> **What needs to be done**:
Copy the data that follows, character for character, minus the pictures.
**** Data shown ****
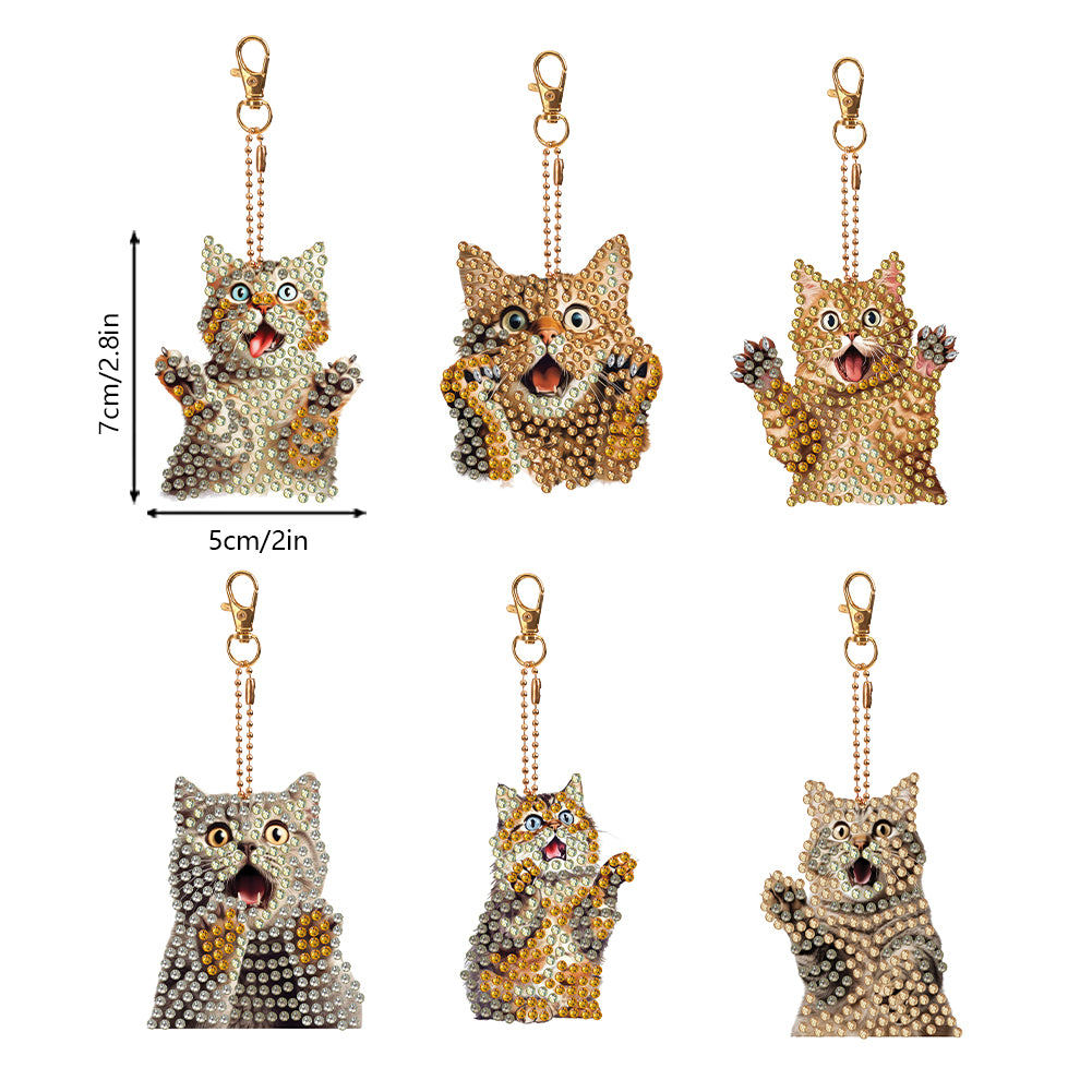 6 PCS Double Sided Special Shape Diamond Painting Keychain (Panicked Cat)
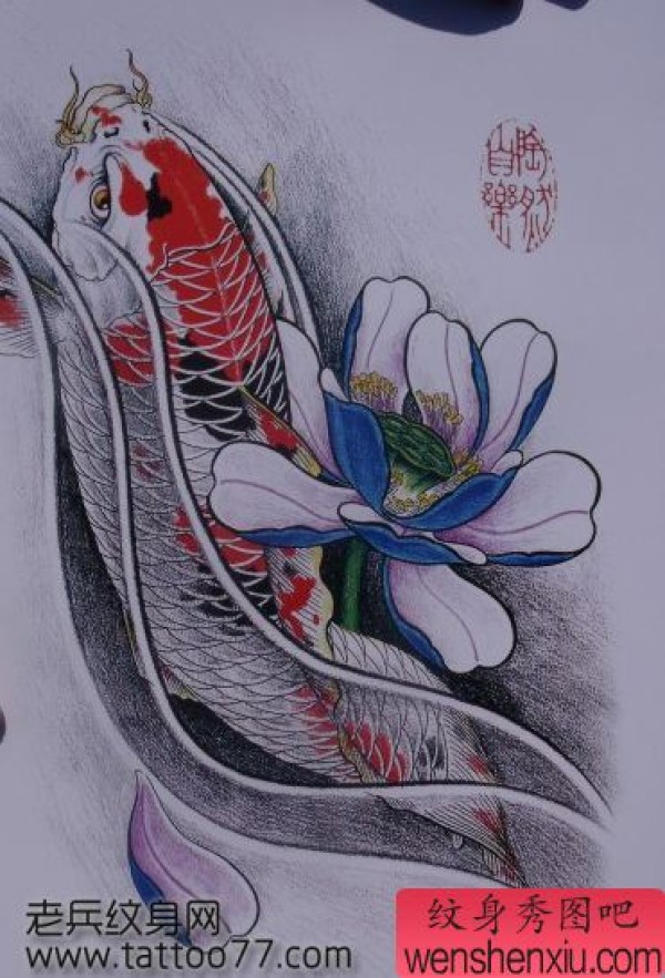 纹身手稿—彩色莲花鲤鱼纹身手稿
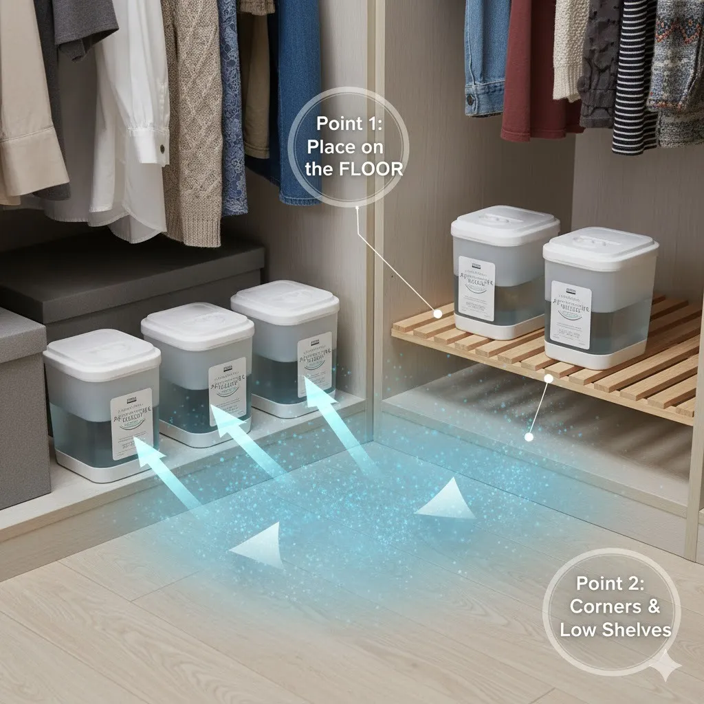湿気は空気より重いため、下にたまります。 置き型の除湿剤(タンク)は、クローゼットの「床の四隅」に置くのが最も効率的です。吊り下げ型は、衣類と衣類の間に設置し、置き型と併用するとさらに効果が高まります。
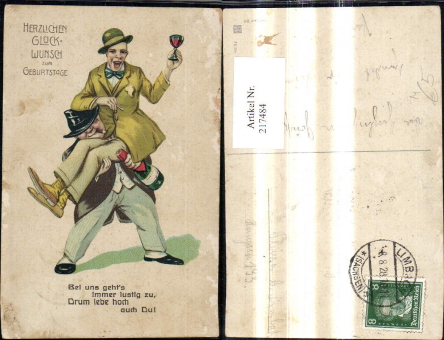 217484,Künstler Ak Glückwunsch Geburtstag Trunkenbolde Wein Glas Spruch Text Humor Scherz
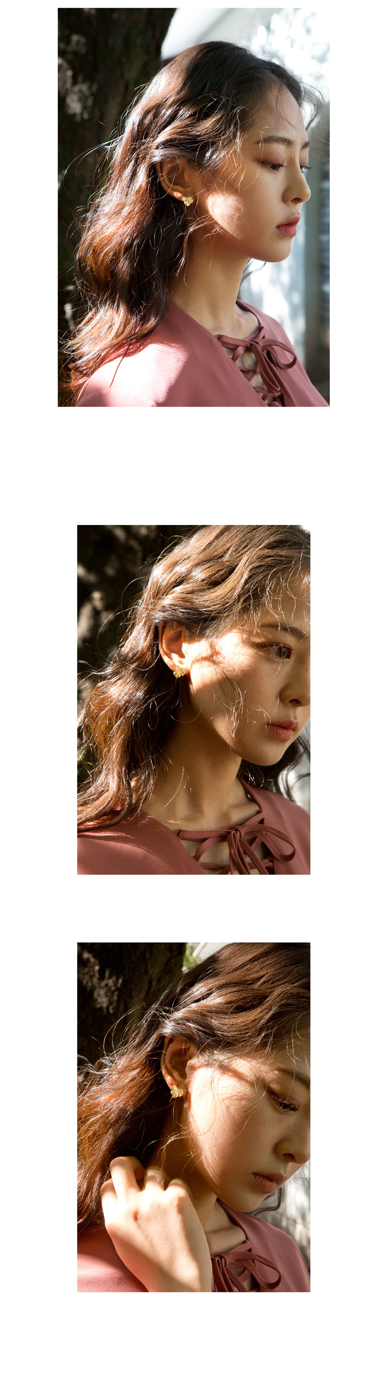 무광 골드빛의 잎사귀 디테일이 고급스러운 귀걸이입니다.
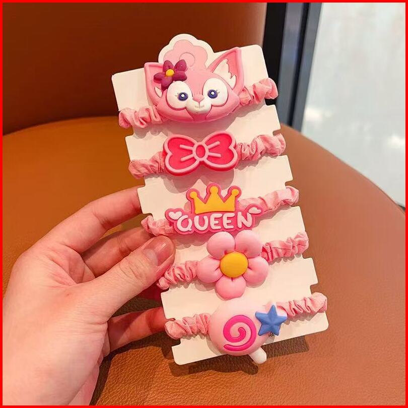 Hello Girl F131 Ikat Rambut Isi 5pcs Motif Boneka Kartun Terbaru
****
> **Task result**:
 6 PCS Double Sided Special Shape Diamond Painting Keychain (Panicked Cat)
 纹身手稿—彩色莲花鲤鱼纹身手稿
湿気は空気より重いため、下にたまります。 置き型の除湿剤(タンク)は、クローゼットの「床の四隅」に置くのが最も効率的です。吊り下げ型は、衣類と衣類の間に設置し、置き型と併用するとさらに効果が高まります。
 217484,Künstler Ak Glückwunsch Geburtstag Trunkenbolde Wein Glas Spruch Text Humor Scherz
 무광 골드빛의 잎사귀 디테일이 고급스러운 귀걸이입니다.
 Hello Girl F131 Ikat Rambut Isi 5pcs Motif Boneka Kartun Terbaru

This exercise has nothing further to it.